Ask a Mexican! 

Dear Readers: The Mexican must take the week off, because, just as the Tucson Weekly did two weeks ago, his home paper is publishing its annual Best Of issue. If the devil ever condemns you to visit Orange County, pick up the OC Weekly!

To honor the Best Of, here's a doozy from 2006. If you've ever heard me lecture, you know of this infamous edición, which got a man in Oregon suspended from work without pay for racism AND sexual harassment, because he read it there. Pinche PC pendejo Oregonians, I swear ... anyhoo, enjoy!

Dear Mexican: My fiancé is trying to learn Spanish so he can speak to my grandmother when we get married next month. Lately, he's been listening to CNN en Español to get an ear for the language. A couple of days ago, he told me that, after several weeks of seeing the channel, he noticed that there are ALWAYS chickens clucking in the background of the commercials. He wants to know, "What's up with the chickens?" and, "Is worshipping chickens a Mexican thing?"

Madre Hen

Dear Wabette: Does your gabacho not speak English, either? Can't he ask the Mexican a question on his own?

Your gabacho is either a liar, or he mistakenly tuned into the Rural Farm Network for his Spanish lessons. I see CNN en Español and have never once heard chicken clucks during a commercial. In fact, the only time I can recall hearing chickens is when gabacho talk-show hosts rant about Mexicans.

That sound-clip cliché isn't used exclusively for Mexicans, though: Entertainers have associated chickens with the poor since the days of vaudeville, and even famed reporter Borat Sagdiyev unleashed a chicken on unsuspecting New Yorkers in his documentary, to hilarious results.

As for the chicken-worship question, your gabacho is wrong again: the Mexican reverence toward gallus domesticus is reserved for the gallo giro, the fighting cock. Rural Mexicans treat their hens as they treat their women: as purveyors of breasts, eggs and little else.


Why do spics and micks get along so well? Is it because both races are drunk, fornicating, degenerate Catholics?

Don Mulletino

Dear Mick: Get your racial slurs straight—Mexicans are wabs, not spics. Otherwise, you nailed it on the cabeza, cabrón. And the similarities don't end there.
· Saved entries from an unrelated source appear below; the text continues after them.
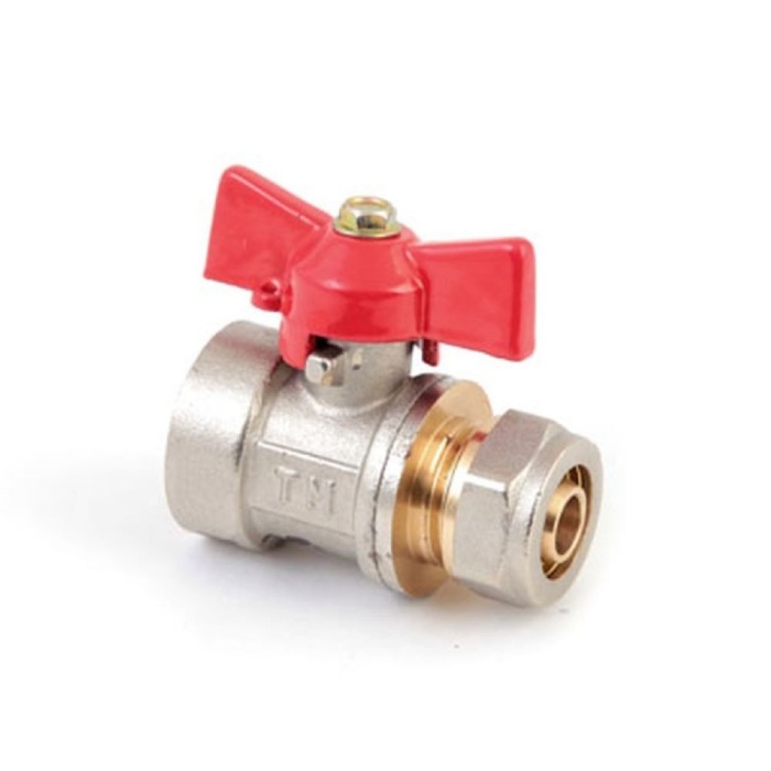 Шаровый кран — применяется для регулировки потока воды, полнопроходной. Корпус выполнен из латуни марки, которая используется во всех высококачественных фитингах. Его ресурс составляет 4000 циклов, что вполне достаточно, если учитывать, что кран открывается и закрывается 1-2 раза в год. Кран-бабочка позволяет сэкономить место в сантехшкафу по сравнению со стандартным краном-ручкой. Имеет с одной стороны внутреннюю резьбу 1/2.
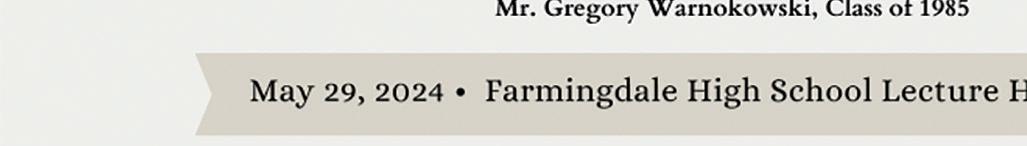 studies and experience as a band director. He is a skilled musician and pianist who performs with popular bands on Long Island. Appointed in 2020, he showed exceptional leadership during COVID-19, maintaining a highquality arts program. He is a former president of the Nassau Music Educators Association and has served in various organizational roles. In September 2023, the Farmingdale Community faced an insurmountable tragedy. During this challenging time, Mr. Warnokowski focused on supporting our community and ensuring that our music and arts programs continue to thrive.
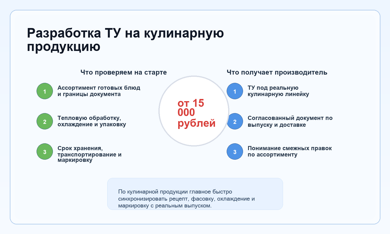 У кулинарной продукции главный вопрос не "из чего блюдо сделано", а "по какому каналу оно доходит до покупателя". Одна и та же позиция может идти в зал, в доставку, на витрину или в заморозку, и каждый из этих сценариев меняет то, как должно выглядеть техническое условие. Если это не развести, документ быстро начнет спорить с реальной продажей.
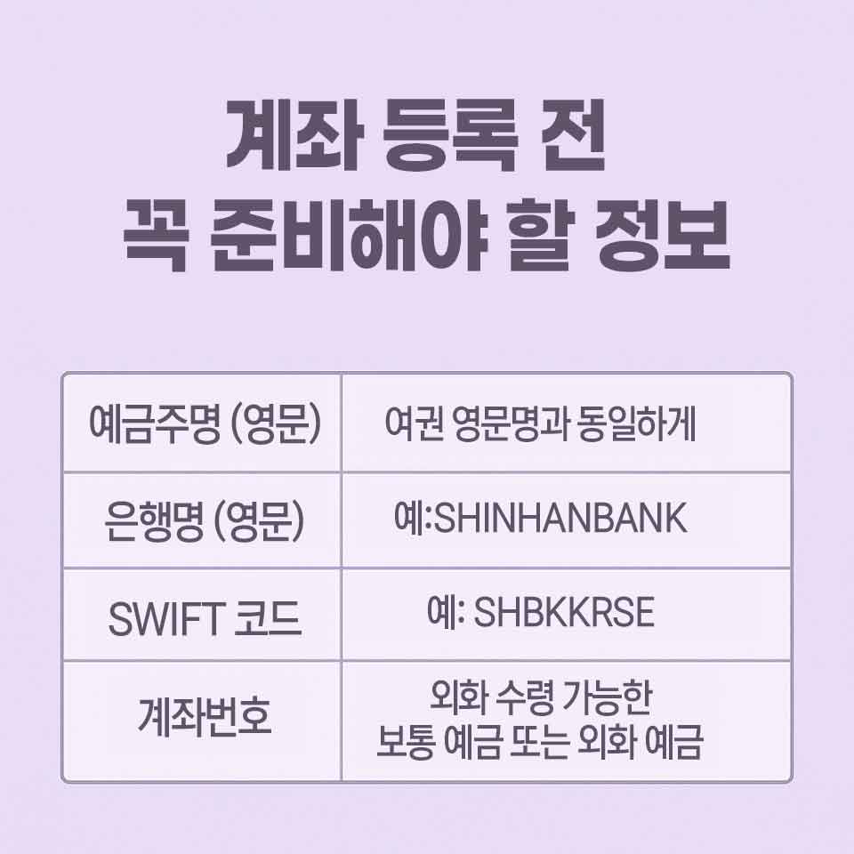 영문으로 된 예금주명, 은행명과 SWIFT코드, 계좌번호 등 계좌 등록 전 꼭 준비해야 할 정보 목록입니다.
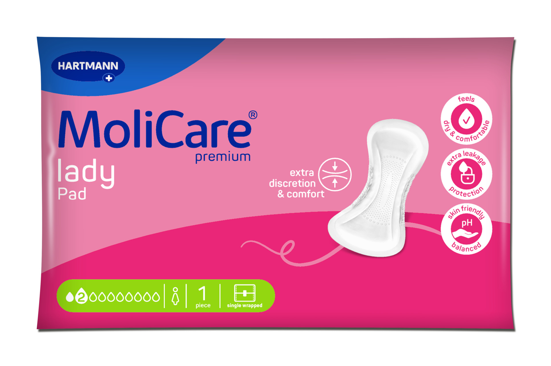 MoliCare® premium lady Pad 2 drops are incontinence pads for women with light bladder weakness. The patented absorbent core neutralises odours and helps maintain skin health.
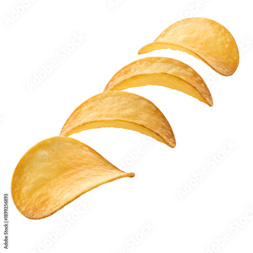 Four golden, crispy potato chips fanned out isolated on transparent background
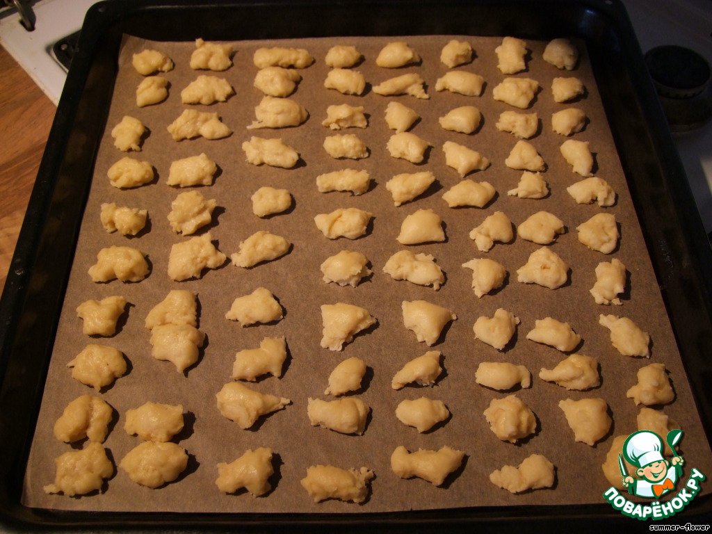 Противень застилаем бумагой для выпечки. Охлажденное тесто рвём на маленькие кусочки и выкладываем на противень. Ставим в разогретую до 180 градусов духовку, выпекаем до золотистого цвета (15-20 минут).
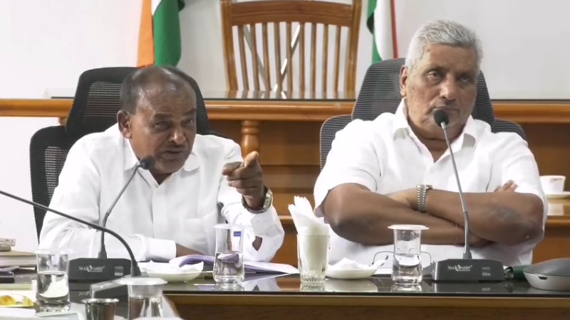 ನಿನ್ನ ಜವಾಬ್ದಾರಿ ಮಾಡಪ್ಪ ಎಂದು ಶಾಸಕ ಪುಟ್ಟರಂಗಶೆಟ್ಟಿಗೆ ಸಚಿವ ವೆಂಕಟೇಶ್ ಹೇಳಿದರು. ಡಿಸಿ ಬಳಿ ಪ್ರಾಕೃತಿಕ ವಿಕೋಪ ಅನುದಾನ ಇದೆ. ಪಟ್ಟಣಪ್ರದೇಶಕ್ಕೆ ಅನುದಾನ ಕೊಡುವ ಜವಾಬ್ದಾರಿ ಡಿಸಿ ಅವರದ್ದು ಅಂತ ಶಾಸಕ ಪುಟ್ಟರಂಗಶೆಟ್ಟಿ ಹೇಳಿದರು. ‘ಹೇಳಿದ್ದನ್ನ ಕೇಳ್ರೀ… ಜವಾಬ್ದಾರಿ ಡಿಸಿಯದ್ದೆ ಅಂತ ಒಪ್ಕೊಳ್ಳೋಣ’ ಎಂದು ಸಚಿವರು ಪ್ರತಿಯಾಗಿ ಮಾತನಾಡಿದ್ದಾರೆ. ಇದು ಡಿಸಿ ಕರ್ತವ್ಯ ಎಂದು ಶಾಸಕ ಉತ್ತರಿಸಿದರು. ಇದು ಸ್ಥಳೀಯ ಸಂಸ್ಥೆಗಳಲ್ಲಿ ಜನಪ್ರತಿನಿಧಿಗಳು ಇದ್ದಮೇಲೆ ಡಿಸಿ ಹೇಗೆ ಜವಾಬ್ದಾರಿ ಎಂದು ಸಚಿವರು ಪ್ರಶ್ನಿಸಿದರು. ಕ್ರಿಯಾ ಯೋಜನೆಗೆ ಸಹಿ ಹಾಕೋದೆ ಡಿಸಿ ಅಂತ ಶಾಸಕ ಪ್ರತಿಯಾಗಿ ಮಾತನಾಡಿದರು. ಪ್ರಾಕೃತಿಕ ವಿಕೋಪ ಅನುದಾನ ಬಳಕೆಗೆ ಬರ ಘೋಷಣೆಯಾಗಬೇಕು. ಅದೇ ಬೇರೆ ಹಣ ಎಂದು ಸಚಿವರು ಸಮಜಾಯಿಸಿ ನೀಡಿದರು.

The Irish were the Mexicans of the United States before the Mexicans. Millions of them migrated to this country destitute, as indentured servants (the precursor to the bracero program) and even as illegal immigrants. They were fleeing a homeland under siege by evil Protestants, only to find similar treatment in the U.S. Gabachos here maligned the Irish for their Catholicism, their funny English, their big families and their constant state of inebriation—stereotypes popularized by the mainstream press. The Irish fought back: They formed gangs and voting blocs, and—in the case of the Saint Patrick's Battalion—an entire battalion of hundreds of soldiers defected to the Mexican side during the 1846 Mexican-American War. But the Irish in America, to paraphrase Noel Ignatiev's famous 1995 book, eventually became white, while Mexicans will forever remain Mexicans in the eyes of gabachos.

Nevertheless, the spic-mick connection continues. I know many children of Irish-Mexican heritage who call themselves "leprecanos," a miscegenation of the words "leprechaun" and "Chicano." Many Irish-American civic organizations support amnesty for illegals since about 50,000 Irish immigrants have no papers. Mexico and Ireland have harsh laws against illegal immigration and must constantly deal with their idiot cousins across the border, Guatemala and Northern Ireland. And gabachos have warped our precious St. Patrick's Day and Cinco de Mayo holidays into bacchanals of booze and women—on second thought, that's a compliment.

Our races are brothers in depravity, Don Mulletino, so let's unite, and throw the gabachos down the well, ¿qué no?